In addition to numerous barrels tightly packed with family necessities and as tall as my seven-year-old self, there was shipped to Karachi a gleaming brand new sky blue Ford, a magnificent car for that place and time, boasting a lean look quite unlike the chubby cream green Oldsmobile that once sat at our Chicago curb. My father, whose fix-it genius balked at anything not contained by human skin, flew from Lahore to the port at Karachi, where he met top-class Lahore mechanic Mistri Majid, who’d taken the train. Except for a busted back window, our 1949 Ford sedan arrived intact, surviving even the thief-thick docks, a miracle ascribed to the special attentions of God.
Sharing the driving, Doctor Sahib and Majid urged our Ford across the Sind, a wild and dangerous desert long on snakes and bandits, short on water, gas and definable roads. Dad took a compass and Majid took a psorie, a big clay pot that sweats to keeps the water inside cool. Three hundred miles into the desert, the Ford’s engine boiled over, but together they nursed that car five hundred miles more, a baptism of grit and heat that rendered the new doctor and car nearly as authentic as Lawrence of Arabia and his camel.
Majid kept that car running for the next five years with exceptional ingenuity, scavenging parts probably unintended for a 1949 Ford. Once, when his attentions were insufficient, Majid simply unbuilt the thing, spreading the parts carefully across a weedy field, before putting them back together and teasing our Ford from its coma.
That car was my ticket to the wonders of my world. Honking through masses of legs and wheels—pedestrians, bicycles, horse-drawn tongas, coarse carts pulled by humped oxen, the occasional automobile—we drove to the Shalimar Gardens, where fountains sprang among tended beds and tiled pools. At the bazaar, we wandered among gilded saris, neon volcanos of fragrant spices, rows of curly-toed slippers, silver rings that would turn my fingers green, pyramids of oranges and mangoes, richly knotted blood-red rugs, and, finally, Milky Way and Hersey bars, the only chocolate I ever tasted during the years of my childhood.
Despite the garish hues of fabric and clothing offered for sale, most of the men we saw wore white and most of the women, their dark eyes moving behind a rectangular net, wore I knew not what beneath head-to-toe white or black burkas. On the way home we might stop at a cobbler’s to be measured for sensible leather shoes which my mother assured me would save me from flat feet. Then home the Ford would creep like a big blue cat along the brown canals where small boys pranced across the glossy black backs of water buffalo.
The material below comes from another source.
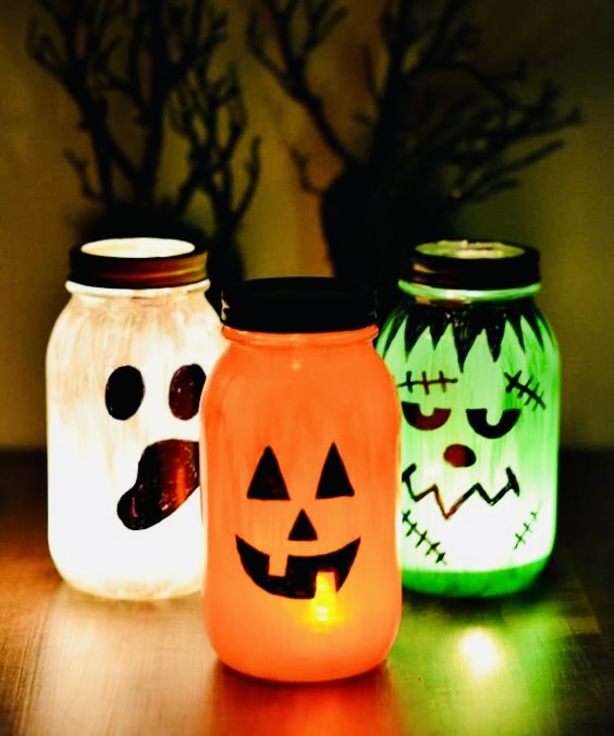 Har du tomme glass som du har spart på som for eksempel syltetøy eller annen mat kommer i? Da kan du enkelt lage dine egne lykter ved å male skumle ansikter på glassene! Plasser eller heng de små lyktene ute, eller bruk dem som dekorasjoner inne. Sett stearinlys oppi glassene for å få en skummel og lysende effekt ut fra det påmalte fjeset!

But what I remember most about the blue 1949 Ford is its heroic annual climb up the foothills of the Himalayas to Jhika Gali, a small village outside the town of Murree, to which our family fled the heat that for several months cooked the dusty Plains. Oh how that Ford labored up the mountain, jammed with three or four months’ worth of clothing and household necessities. Up we’d go on pot-holed, clay-slimed, rock-strewn roads, around treacherous hairpin turns, dodging donkeys and rag-clad men bearing on their backs or heads baskets large enough to hold two adults or staggering under heavy rolls of Oriental rugs.
We drove in the cool of night, starting out after all our bedtimes, we children pressed into a mattress in the back seat, but it was never cool enough. The Ford would overheat and we’d pull over to the dangerous edge and all climb out while my father, who seemed in all circumstances confident, intelligently spectacled, pressed and clean, poured water he’d brought for the purpose into the raging radiator. When at last the steam clouds diminished and hissed more softly, we’d pile back in and the Ford would huff and puff further up the hill, perhaps stopping once again before and we’d tumble out of the mud-caked vehicle into cool, pine-scented air.
The blue Ford soon became well-known in Murree. Without telephones or other usual means of communication to explain the phenomenon, as we neared the end of our journey, we’d start passing sick and wounded persons headed on foot toward our final destination: the first year a corrugated metal building called Strawberry Bank, then a more secure apartment at an old British soldier’s retirement quarters. My father, exhausted from months of work and hours of driving, would be greeted by a crowd of possibly legless, eyeless, or pus-filled ragged persons who had mysteriously anticipated our arrival, shouting for his attention. “Doctor Sahib aya hai. Gelte gelte!” (The Doctor Sahib is here! Hurry hurry!”) He was their worker of miracles, the only hope they had or might ever have again.
Much too soon the blue Ford would chug back down the mountain, leaving mother and children to enjoy the spectacular scenery, lush woods and cool weather, while my father returned to Lahore and the wounds that festered there in the monstrous, unrelenting heat.